- YOUR INSTRUCTIONS
From the first line to the last, retype everything below exactly, minus the pictures.

COLLECTED MATERIAL: Begin

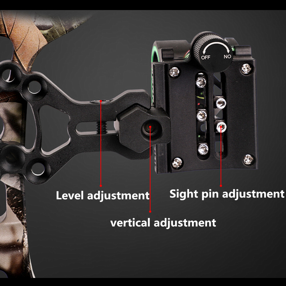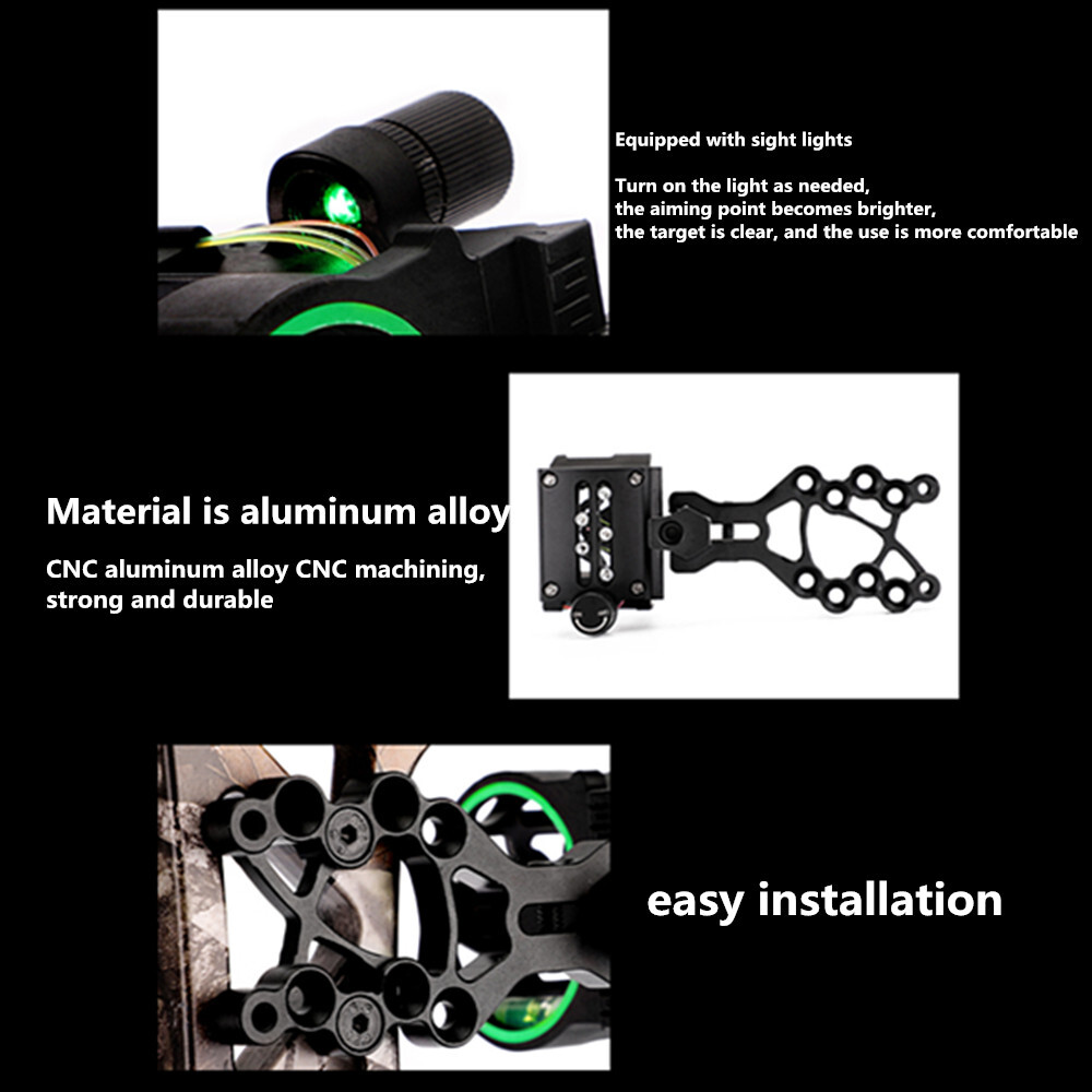 The Lwano M1 5-pin sight body is made of aluminum alloy with low density, high strength and hardness, and is CNC machined for maximum precision. 019-inch horizontal fiber optic pins, maintain visibility in low and changing light, simple structure, easy to install and remove, reversible installation design, suitable for both left-handed and right-handed bows.
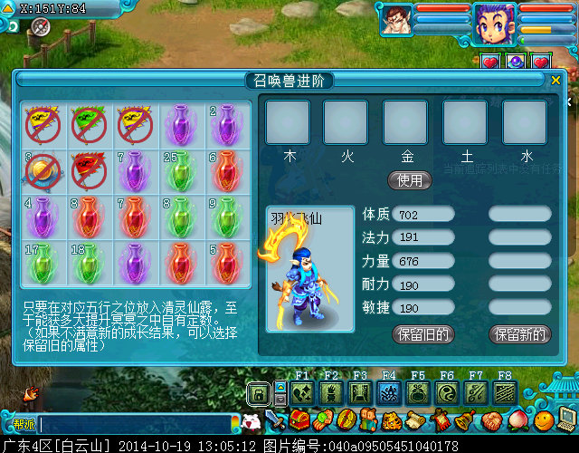第五,110灵性隐藏任务.这个没什么说的,你需要什么属性就把对应的属性上面放高灵气的仙露,不需要的就放稍垃圾的仙露,宝宝5项属性对应的五行同如意丹.体质=木,魔力=火,力量=金,耐力=土,敏捷=水.
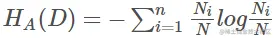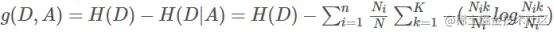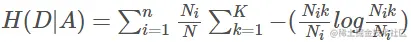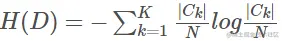 Ck是在数据集D中出现k类的数量,N是样本的数量,类别的总数。H(D|A) 是特征A对与数据集D的条件熵,其意义是:在子集Di中Y的分布。计算方法是:
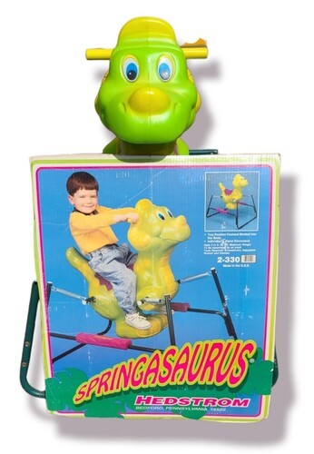 Vintage Hedstrom Springasaurus Dinosaur ride on Spring Bounce Toy EXTREMELY RARE. Cannot find another like this anywhere online. In very good working condition. Springs are tight and not rusty. Minor wear on saddle area as shown. Disassembled for shipment. Comes with front of cardboard box that has been cut out.

COLLECTED MATERIAL: End

- OUTPUT BELOW
 The Lwano M1 5-pin sight body is made of aluminum alloy with low density, high strength and hardness, and is CNC machined for maximum precision. 019-inch horizontal fiber optic pins, maintain visibility in low and changing light, simple structure, easy to install and remove, reversible installation design, suitable for both left-handed and right-handed bows.
第五,110灵性隐藏任务.这个没什么说的,你需要什么属性就把对应的属性上面放高灵气的仙露,不需要的就放稍垃圾的仙露,宝宝5项属性对应的五行同如意丹.体质=木,魔力=火,力量=金,耐力=土,敏捷=水.
 Ck是在数据集D中出现k类的数量,N是样本的数量,类别的总数。H(D|A) 是特征A对与数据集D的条件熵,其意义是:在子集Di中Y的分布。计算方法是:
 Vintage Hedstrom Springasaurus Dinosaur ride on Spring Bounce Toy EXTREMELY RARE. Cannot find another like this anywhere online. In very good working condition. Springs are tight and not rusty. Minor wear on saddle area as shown. Disassembled for shipment. Comes with front of cardboard box that has been cut out.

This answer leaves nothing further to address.